Why Should I Remove My Wisdom Teeth?
Wisdom teeth are the last teeth to erupt within the mouth. If there is adequate room for them to fully erupt so that they can be cleaned all of the way to the bottom of their crowns, they do not need to be removed. Unfortunately, this does not generally happen. Teeth form in a soft tissue sack called a follicle. The follicle makes the enamel of the crown, and makes a sheath for the tooth to erupt through. If a tooth stays under the gum, bacteria get into the follicle and grow there undetected. Eventually the bacterial growth overcomes your defenses, and infection occurs. This infection can be slow growing and cause loss of adjacent bone and teeth, or fast growing, possibly causing a severe life-threatening emergency. Sometimes the follicle itself can grow, causing a cyst or tumor that can invade and destroy adjacent teeth and bone.

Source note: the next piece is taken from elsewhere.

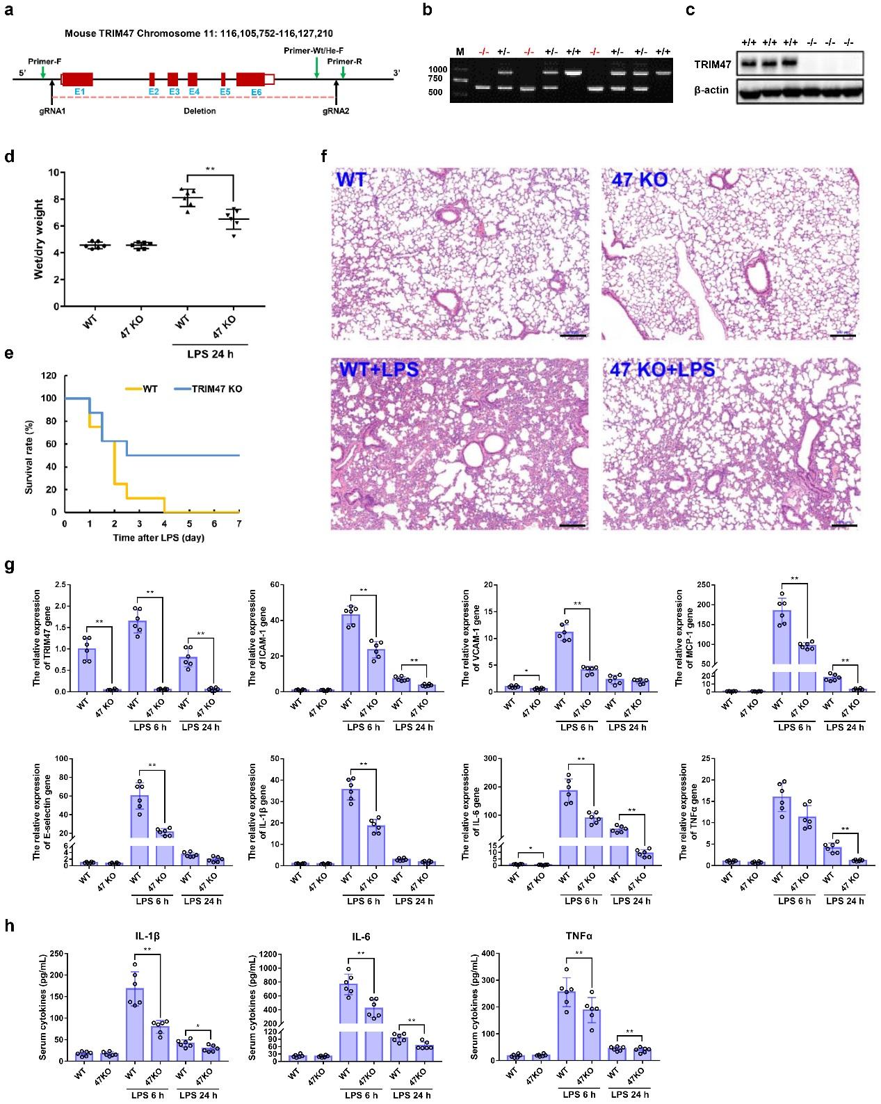 TRIM47基因敲除減輕小鼠急性肺損傷和肺部炎癥(圖片源自Signal Transduction and Targeted Therapy )

Impacted teeth as a rule should all be removed at a young age. This significantly reduces the risk of damage to adjacent teeth, nerves, and sinus cavities. Occasionally impacted teeth are left in after an examination and risk evaluation is preformed. These impacted teeth will require regular follow up and periodic X-rays. If infection or pathology occurs with these teeth later in life, they will then need to be removed.
Oral Examination
With an oral examination and x-rays of the mouth, Drs. Van Heukelom Westlund and Sarasin can evaluate the position of the wisdom teeth and predict if there may be present or future problems. Studies have shown that early evaluation and treatment result in a superior outcome for the patient. Patients are generally first evaluated in the early to mid- teenage years by their dentist, orthodontist or by an oral and maxillofacial surgeon.
Impacted canine teeth
Canine teeth are the cornerstones of the dental arch. They have the largest single roots, and are very strong. Due to crowding, these teeth often stay impacted on the roof of the mouth or under the corner of the nose. Untreated, they often cause resorption of adjacent tooth roots, and premature loss of additional teeth. They are best treated before their root formation is complete. Orthodontic appliances are placed by your orthodontist and space is made for the canines to come into the mouth. Frequently, surgery may be needed to expose an impacted canine to aid its eruption. An orthodontic attachment can be placed at the time of surgery and elastic traction applied to the impacted tooth to gently pull it into the desired location.
Anesthesia
All outpatient surgery is performed under appropriate anesthesia to maximize patient comfort. Drs. Van Heukelom, Westlund, and Sarasin have the training, license and experience to provide various types of anesthesia to allow patients to select the best alternative. These services are provided in an environment of optimum safety, utilizing modern monitoring equipment and staff experienced in anesthesia and recovery techniques.